These numbers, 7714-7802, identify the position of the 62 cards of our total
deck of 36,831 cards, placed in the order shown, which carried that portion
of the first print out reproduced here. They are concordance line numbers.
In the final off-set printing, these numbers, suppressed, will not appear.
Their utility to us at this stage of our work, as will soon be evident, was
enormous.
Actually, we faced the problem of orthographical variants as well as
that of Middle English versus Modern English headwords
long
before we had our first print out of the entire concordance. We at the start
obtained a print out of the complete lexicon, and, working with it and our
copy text, attempted to devise a system of cross referencing which would
allow to retain all headwords in their Middle English form. But cross
referencing became so complicated that we were forced to give it up; users
of the concordance so arranged would find it unnecessarily complex. We
decided then that we should have to use some Modern English headwords.
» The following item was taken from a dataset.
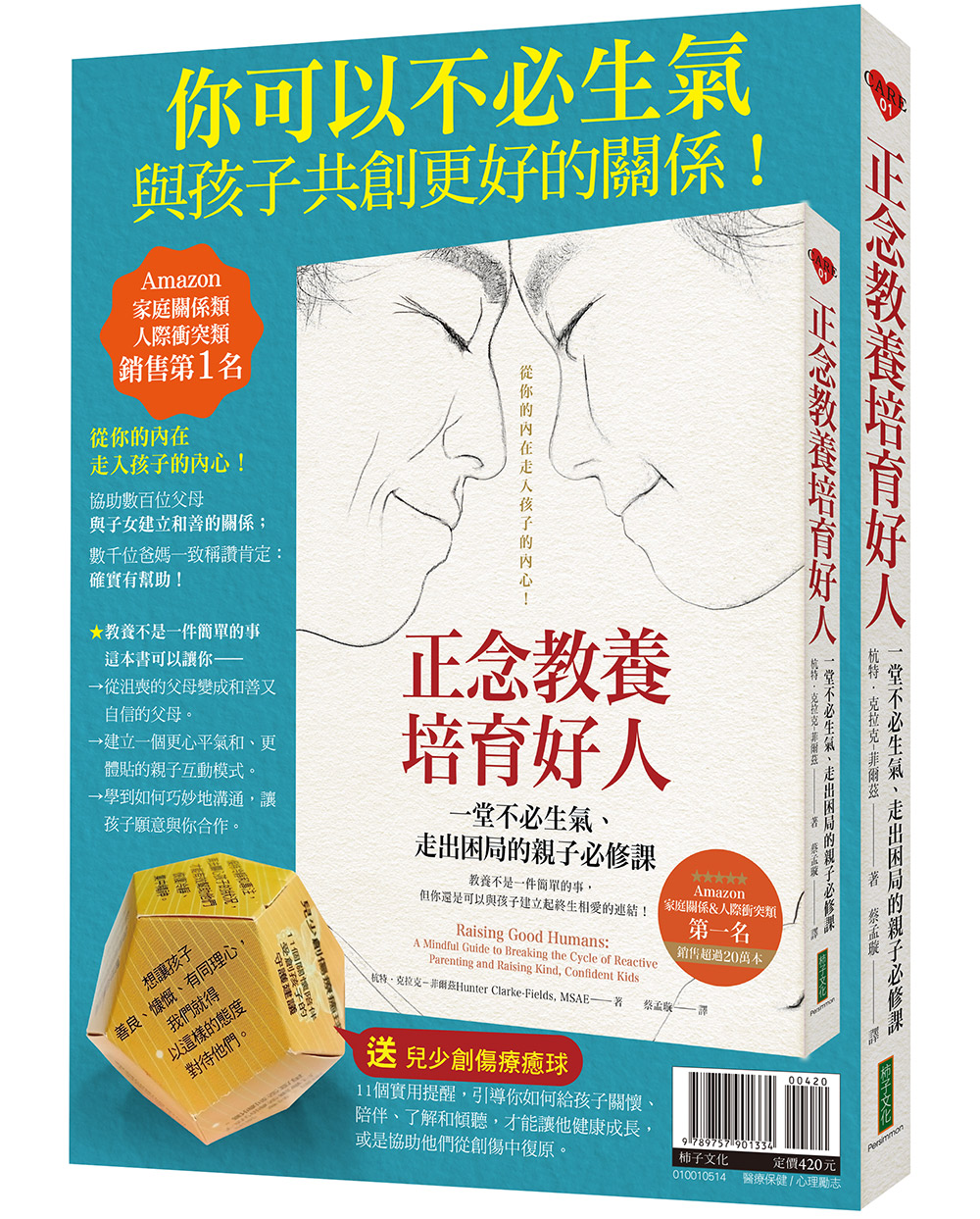 各界推薦 【掛名推薦】黃之盈 心理諮商師魏瑋志(澤爸) 親職教育講師【國內名人推薦】我很喜歡《正念教養培育好人》的內容編排,把父母最大困境的「情緒反應循環」放在第一單元,讓閱讀這本書的每個父母知道,大吼大叫、爆雷根本於事無補,而且完美父母不存在。第二單元,才說明如何教養出和善自信的孩子。這讓我了解,教養的根本是在認識自己。《正念教養培育好人》幫我再次溫習了正念減壓MBSR的重點,書中把當代正念經典練習:吃葡萄乾、正念靜坐、慈心祝福、如實如是觀察等運用在教養中。並且,每個章名頁中的「大手牽小手」(或小手牽大手)的圖片,溫暖顯示了我們與孩子的教養關係,正是一種互動與平等的關係。這本書適合一般大眾、父母親職角色來閱讀,我們可以透過本書來療癒小時候的自己,認識自己,療癒自己,陪伴孩子!——李怡如Sangeeta 正念減壓MBSR與正念瑜珈老師,桑吉塔正念瑜珈與靜心空間創辦人做對選擇比努力更重要,不少父母都非常「努力」想教好孩子,讓他們出人頭地,成為社會上有用的人。但不知為何,總是在怒氣挫折中百思不得其解。究竟孩子該怎麼教?到底孩子為什麼總是頂嘴?又,孩子已經網路成癮了,該怎麼辦啊?「做對選擇」就有機會改變親子關係。《正念教養培育好人》作者杭特.克拉克–菲爾茲學有專精,將感人實例和實用演練提供給所有的父母們。我們只要按照這些練習題一點一滴地去修正過往不當的教養方式,就能「做對選擇、用對方法」,來改善親子關係。一切都來得及!我們大人先修正,孩子就跟著調整了。——吳娟瑜 國際演說家暨親子教育專家教養不是數學題,沒有標準答案!本書的英文原名為Raising Good Humans,其實正是在提醒讀者:教養,不求正確與否。我們只求在養育孩子的路上,能帶出「良善人格的孩子」,培育他們以全人格之姿邁向社會,那便是恰恰好的教養法則。全人格的教養,也是父母在陪伴孩子路上,對自我整體的「全人照顧」,平衡大腦、身體與情緒三方。爸媽把自己照顧好了,自然能帶出穩定人格的孩子。推薦這本《正念教養培育好人》,它提醒了父母們在教養上的不二法則:自己穩了,自然能教養孩子成為良善之人(good humans)。——李家雯(海蒂) 諮商心理師、《教養是合作》作者、兩個孩子的媽這是一本非常有意思的書,不論你的孩子現在幾歲,都可以從這本書中獲得一些啟發。書中不斷告訴我們「你練習什麼,什麼就會變得強大」。換言之,爸媽必須自己先活出希望小孩的樣子,而這是可以練習的,這其中包括:如何面對情緒、如何照顧好自己、如何滿足自己的需求等。教養的問題總是千頭萬緒,爸媽如果能勇敢看到纏繞的線頭是在自己身上,而不在孩子身上,會少走很多荊棘暗路。這是一本強調實踐的書,如果你快速瀏覽過,記得回頭親自嘗試看看書中的方法,但別衝快,真正的學習都需要時間消化與內化。這個年代的教養,非常、非常不容易,當爸或媽的你,要常常為自己或彼此加油打氣喔!——胡君梅 華人正念減壓中心創辦人此書提供了教養孩子不可或缺的觀念、訓練與實用技能,值得每一位面對教養工作的父母仔細閱讀,對於正念學習者而言,此書也是了解如何將正念融入教養工作不可或缺的好書。教養孩子的工作本是一趟自我修行的旅程。最重要的事,是記得最重要的事。作者一開始便指出養育小孩最重要、卻也最常被遺忘的核心觀念:父母想要孩子成為什麼樣子,自己在生活中,尤其在面對小孩時,就應該是那個樣子。以身作則的身教,是所有教育中最核心的事。 ——溫宗堃 臺灣正念發展協會榮譽理事長【國外名人推薦】《正念教養培育好人》一書為正念教養的主題帶來散發智慧與清新的風貌。作者杭特.克拉克-菲爾茲(Hunter Clarke-Fields)汲取自身教養經驗裡的挑戰與難題,概述如何跳脫「不夠好」這個老套的故事所需要的關鍵技巧,藉此建立一個更有愛心、相互合作的和諧家庭關係。──塔拉.布萊克(Tara Brach, PhD),著有《全然接受這樣的我》(Radical Acceptance)父母若想為孩子灌輸自信、心理健康與獨立概念,同時又與他們建立一個穩固持久的親子關係,《正念教養培育好人》正是你需要的指南書。本書作者已經幫助許多家庭處理各式各樣的問題,她的文字間洋溢著疼惜心,論述清晰、句句箴言,囊括了豐富精彩的洞見、策略與練習,幫助讀者成為一個更能夠保持正念的父母。杭特.卡拉克-菲爾德是一位極具說服力的倡導者,主張讓靜心在我們與孩子的生活中發揮強大的力量。她的著作能讓你的生活變得更美好──只要你願意擁抱這趟旅程。這是我讀過最棒的教養書之一!──凱瑟琳.雷諾.李維斯(Katherine Reynolds Lewis),著有《壞行為的好消息》(The Good News About Bad Behavior)這是一份坦率又充滿愛的地圖,教導父母如何巧妙地度過充滿挑戰的時刻,同時深化自己與孩子之間共享的喜悅、連結與愛。──蕭納.莎碧洛(Shauna Shapiro, PhD),聖塔克萊拉大學(Santa Clara University)心理系教授,著有《早安,我愛你》(Good Morning, I Love You)杭特.克拉克-菲爾茲真的明白,若要養育出心目中的孩子,我們必須成為自己心目中的人,但這兩個目標是一段旅程,而非只是目的地。這部精彩的作品能協助你面對這趟旅程。──KJ.戴爾安東尼亞(KJ Dell’Antonia),著有《如何做個更快樂的父母》(How to Be a Happier Parent),曾任《紐約時報》M

As we shall point out shortly, what
we had to do was no less than to print out a concordance (our original
complete print out) in order to make our final concordance. We explored
the possibility of producing a program which would permit the computer to
gather forms together and shift them from their original position to some
other position in the final ordering of all forms, but were unable to produce
such a program. We were obliged to proceed along other lines.
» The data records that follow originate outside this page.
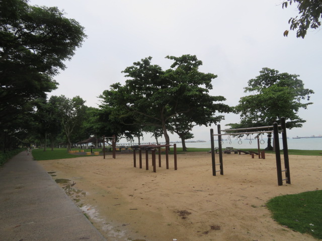 MRTパヤレバー駅前から路線バスを利用してマリーンパレードロード沿いまで行き歩いて海岸まで出ました、公園は細長くて広い公園、整備された散策路やサイクリングが出来るロードがあります、池があり水上スキーのようなスポーツをしている人がいました、公園内には何軒もカフェやシーフードレストランがあります、海を見ながら食事が出来ます、私は食事はしませんでしたがジュースを飲みました、帰りも路線バスを利用してMRT南北線のベドック駅前に出ました。
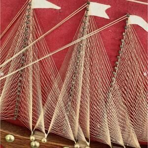 Vintage String Art Ship Boat Wood Body Brass Tacks Gold Thread Red Felt MCM
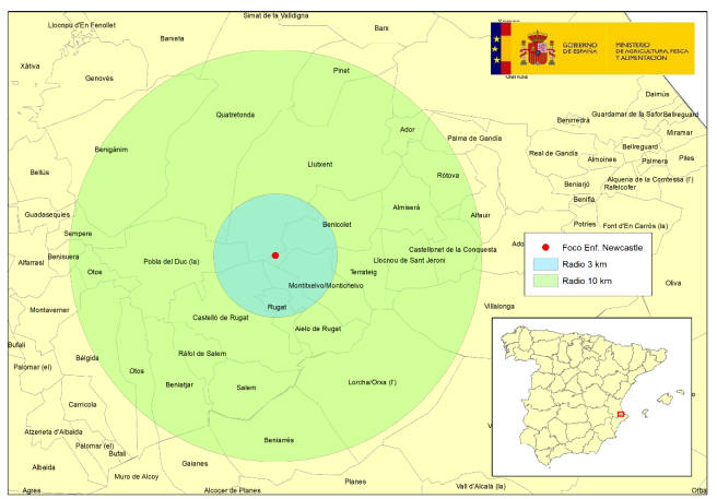 Las autoridades veterinarias de la Comunidad Valenciana notificaron el 29 de diciembre, un foco de enfermedad de Newcastle, en una explotación con un censo aproximado de 15.000 broilers localizada en el municipio Llutxent, comarca de Vall D´Albaida, en la provincia de Valencia. Este caso ha sido confirmado por el laboratorio de Algete.
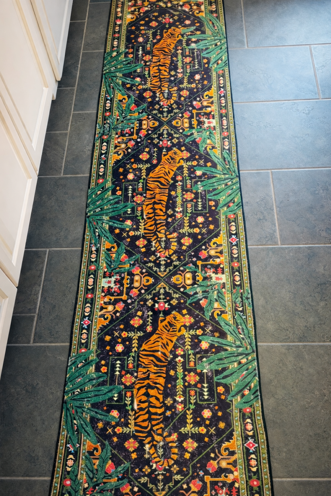 I feel my bathroom suddenly looks like a designer hotel suite? 🐅✨ The rich colors and the bold pattern instantly elevated the whole space. It’s giving curated, collected, high-end energy. (Ad)

Suppose, now, that this 62 line sample concordance were the final
version of this portion of the whole concordance. And suppose, further, that
a reader entered the concordance at the headword DEWYNE. How would
he know that he should find, 421 lines further along, roughly eight pages
in the printed book, a variant form, DOWYNE? What instructions ought we
provide? Or, earlier in our work, ought we to have spotted the DEWYNE
— DOWYNE variation and regularized all three occurrences to
DEWYNE? (It would have been a simple matter, actually, because the
excellent glossary in Gordon's Pearl does, on p. 127, link
these
forms.) Such a procedure, carried out consistently in our five poems,
however, would have been an impossible task; thousands of forms would
have had to be changed and our texts, as well, would have been seriously
violated. Moreover, we would have produced a concordance to a text
unknown to anyone. Hence, we did not regularize spelling. Ought we to
have chosen a
Modern English headword and printed both forms under it? The Middle
English form is derived from Old English dwīnan,
meaning
"languish, pine away." We do not use Modern English headwords unless
the Modern English development of the Middle English form closely
resembles the Middle English form. It would not do, in this case, to use
LANGUISH as a headword for these forms (the poets did not know that
word), and there is no Modern English form *DEVINE. We chose to retain
DEWYNE as headword, and to print all three occurrences of it here, these
two occurrences, concordance line numbers 7791 and 7792, and
concordance line number 8212, which contains the form DOWYNE. Where
DOWYNE falls out in the concordance as a headword, at present as
concordance line number 8211, we have replaced that card with a new card
which carries this format: DOWYNE (V. DEWYNE). We therefore make
it certain for the reader that he indeed finds the three occurrences of the
Middle English forms which equate
with Modern English "languish."[12]
It might appear, at this juncture, that our simplest solution would
have been the elaborate cross reference key we attempted earlier to devise.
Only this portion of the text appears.